Data in this exercise Start Marker

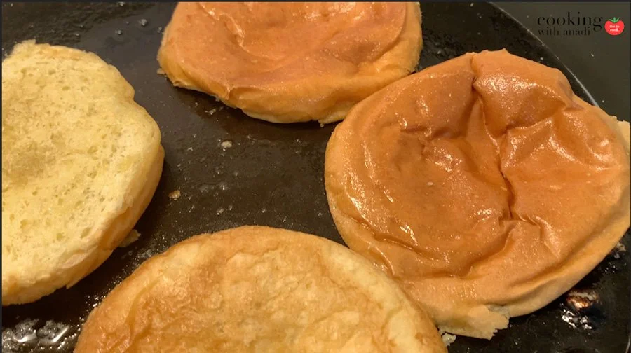 9. Heat a tawa pan on medium low heat and add 1-2 Tbsp of butter and let it melt. Slice the pavs in half and add to the pan. Coat each side with butter, adding more as necessary to complete butter the pav. Toast lightly, until pavs are warmed through.
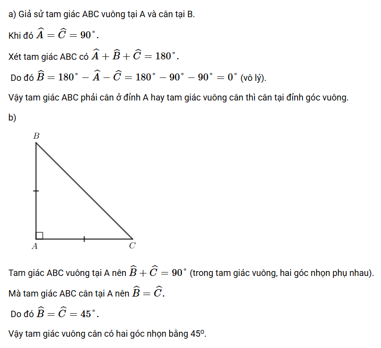 a) Tam giác vuông cân thì cân tại đỉnh góc vuông:
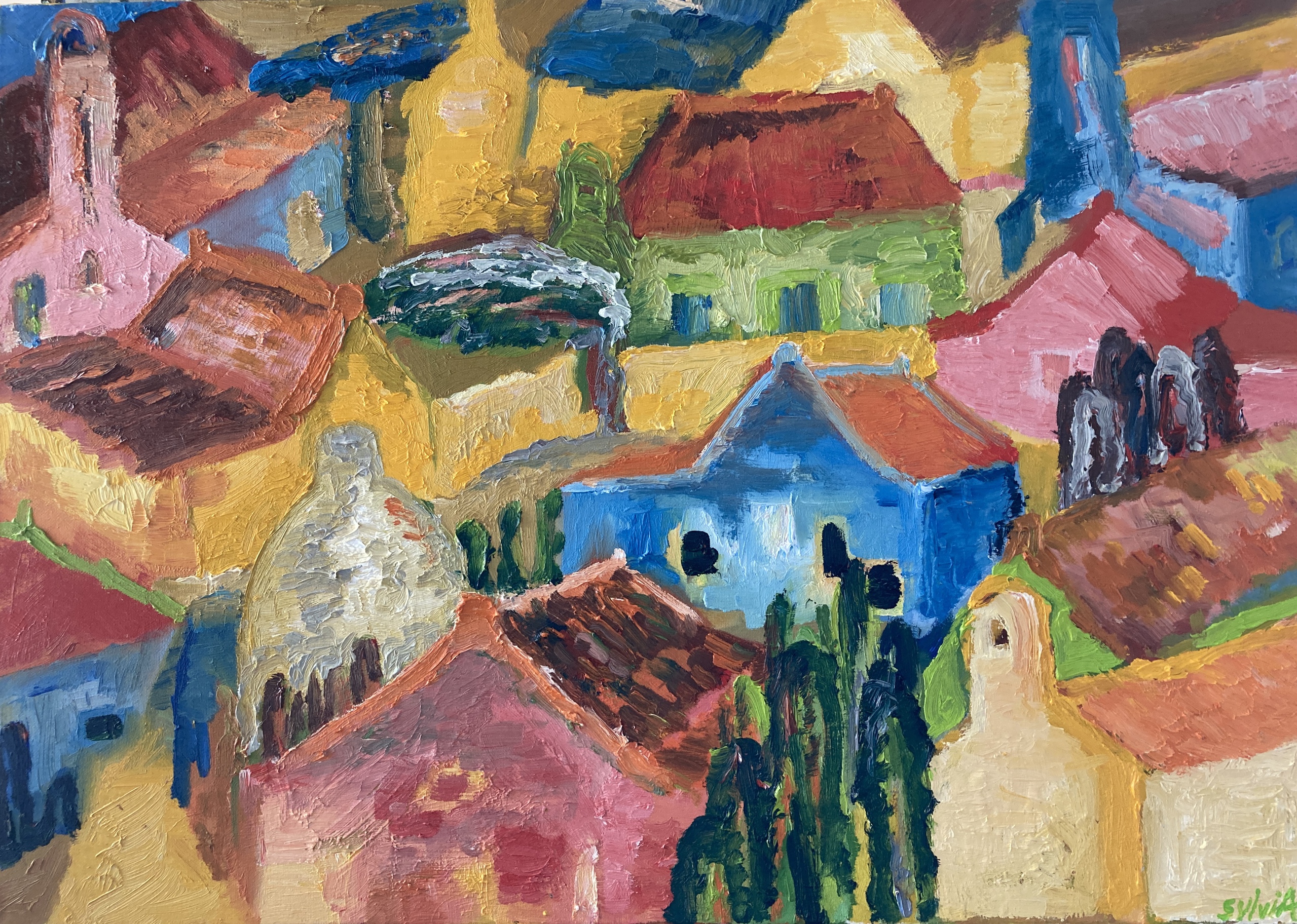 Mijn naam is Sylvia Waterloo. Ik ben geboren in 1961 en ik woon in Amstelveen. Ik schilder en teken en ben afgestudeerd aan de Kunstacademie Haarlem. Mijn recente werk gaat over Corona.
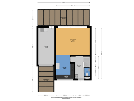 - 68 m² (8,00 meter diep en 8,50 meter breed)
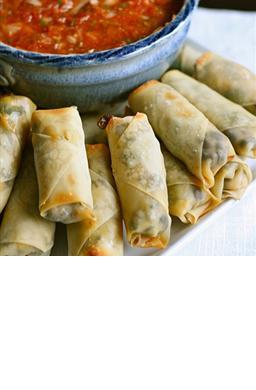 Preheat the oven to 425° F. Lightly oil a baking sheet with cooking spray. Place the sealed egg rolls on the baking sheet seam side down and spray the tops of the egg rolls with cooking spray. Bake for about 15 minutes, or until lightly brown, turning halfway through baking. Serve warm with salsa.
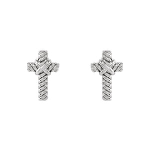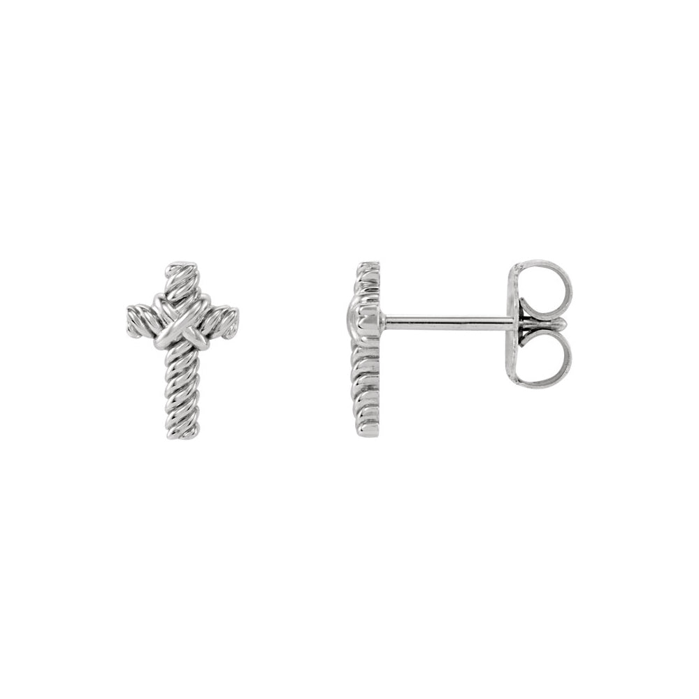 These small stud earrings feature a decorative Rope Cross designed from polished 14k white gold with a friction back post. It is approximately 6mm (1/4 inch) in width by 9mm (3/8 inch) in length.
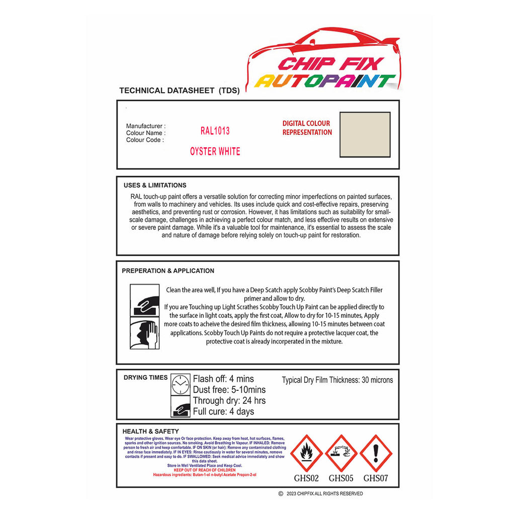 30Ml Of Touch Up Paint Supplied
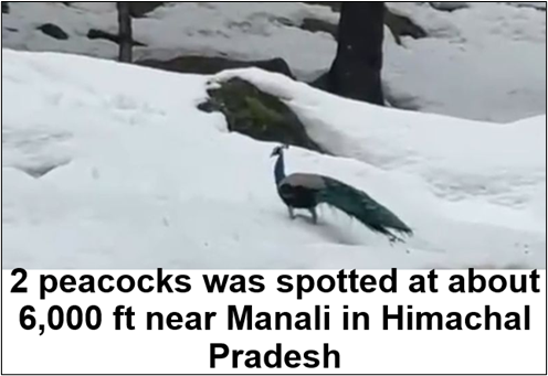 - A pair of peacocks was spotted at about 6,000 ft near Manali in Himachal Pradesh, which is unusual for this species.
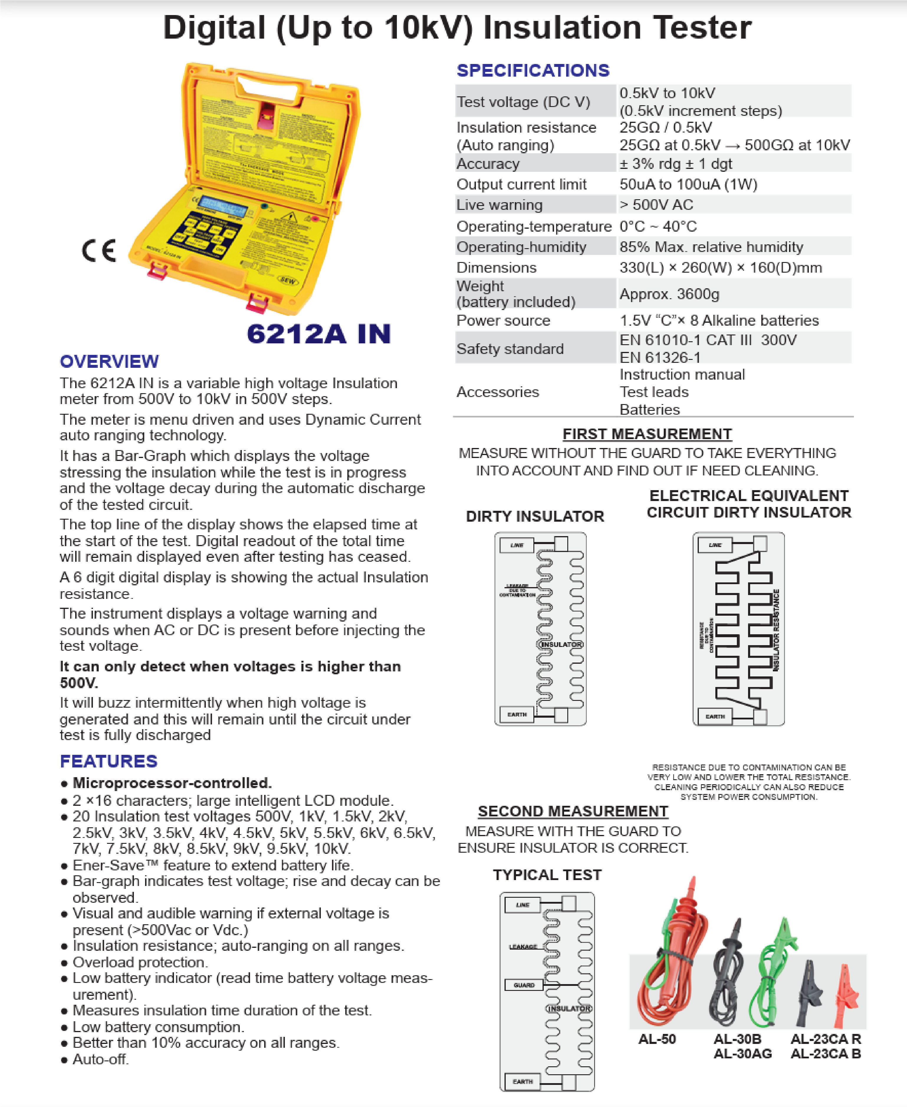 - High Insulation Resistance Measurement: Can measure up to 500GΩ at 10kV.
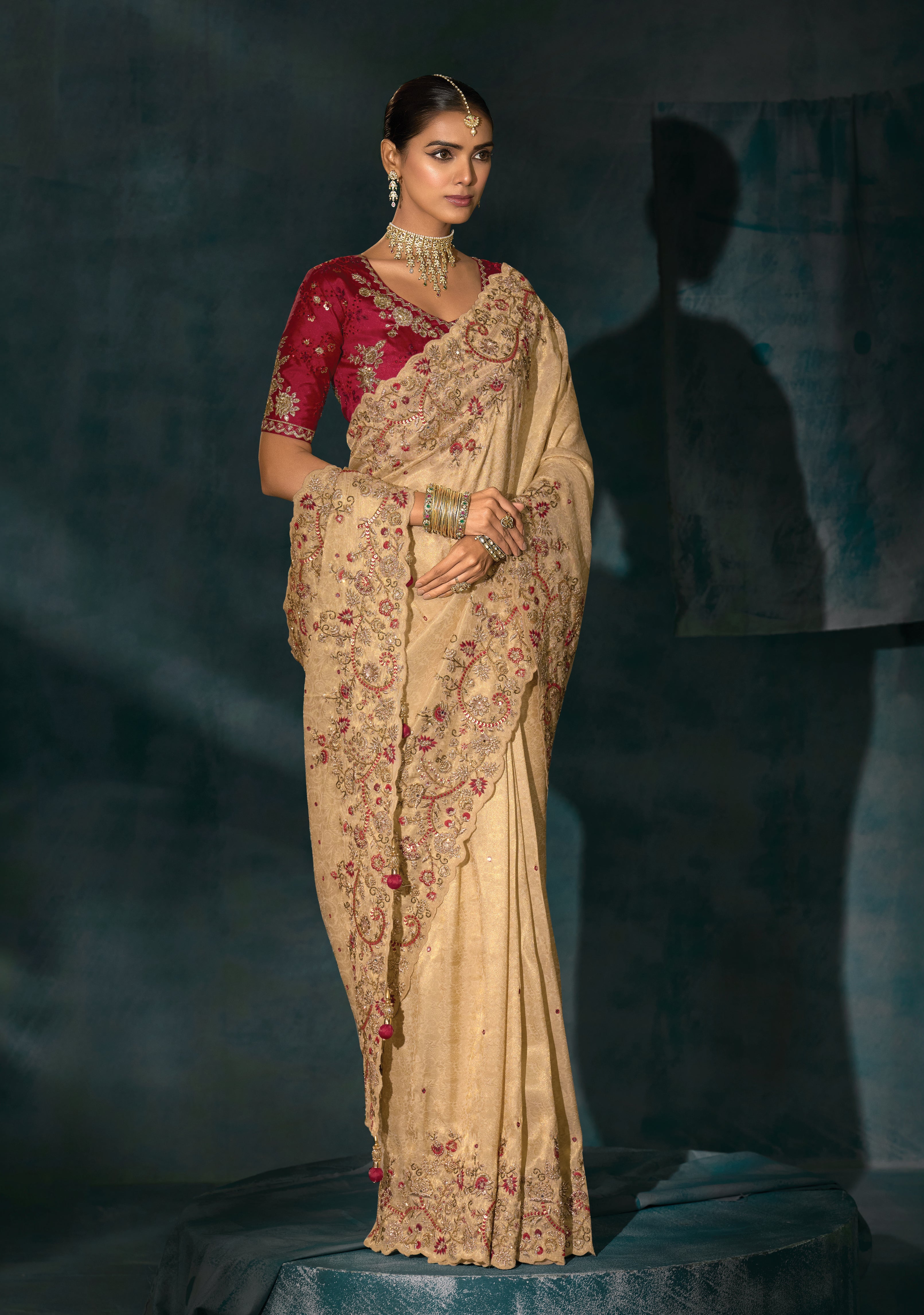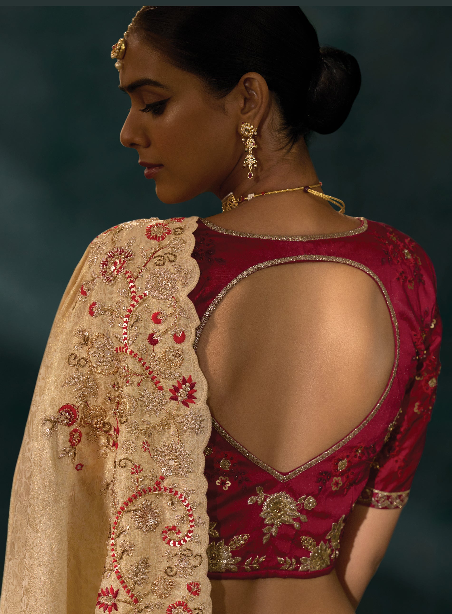 Saree Colour : Beige|| Blouse Colour :- Maroon
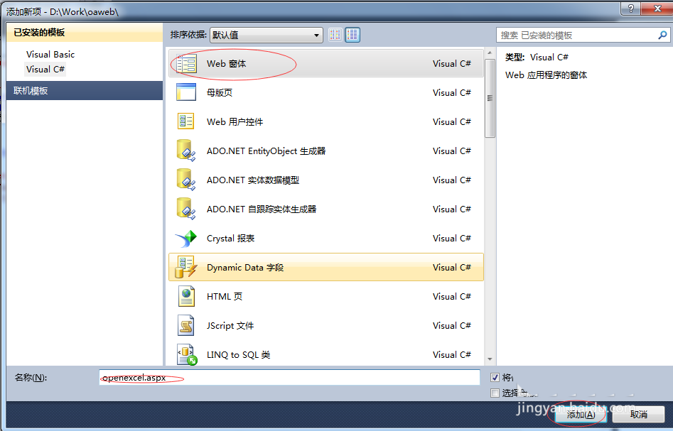 3、本文以添加一個既有的新項為例來說明,點擊添加新項后,頁面如下所示,增加一個web窗體,并為新頁面命名后點擊添加按鈕,如下截圖中標(biāo)紅所示。

Data in this exercise End Marker

> _What is needed_
Repeat the lines above precisely and skip every picture.

> _Task response_
 9. Heat a tawa pan on medium low heat and add 1-2 Tbsp of butter and let it melt. Slice the pavs in half and add to the pan. Coat each side with butter, adding more as necessary to complete butter the pav. Toast lightly, until pavs are warmed through.
 a) Tam giác vuông cân thì cân tại đỉnh góc vuông:
 Mijn naam is Sylvia Waterloo. Ik ben geboren in 1961 en ik woon in Amstelveen. Ik schilder en teken en ben afgestudeerd aan de Kunstacademie Haarlem. Mijn recente werk gaat over Corona.
 - 68 m² (8,00 meter diep en 8,50 meter breed)
 Preheat the oven to 425° F. Lightly oil a baking sheet with cooking spray. Place the sealed egg rolls on the baking sheet seam side down and spray the tops of the egg rolls with cooking spray. Bake for about 15 minutes, or until lightly brown, turning halfway through baking. Serve warm with salsa.
 These small stud earrings feature a decorative Rope Cross designed from polished 14k white gold with a friction back post. It is approximately 6mm (1/4 inch) in width by 9mm (3/8 inch) in length.
 30Ml Of Touch Up Paint Supplied
 - A pair of peacocks was spotted at about 6,000 ft near Manali in Himachal Pradesh, which is unusual for this species.
 - High Insulation Resistance Measurement: Can measure up to 500GΩ at 10kV.
 Saree Colour : Beige|| Blouse Colour :- Maroon
 3、本文以添加一個既有的新項為例來說明,點擊添加新項后,頁面如下所示,增加一個web窗體,并為新頁面命名后點擊添加按鈕,如下截圖中標(biāo)紅所示。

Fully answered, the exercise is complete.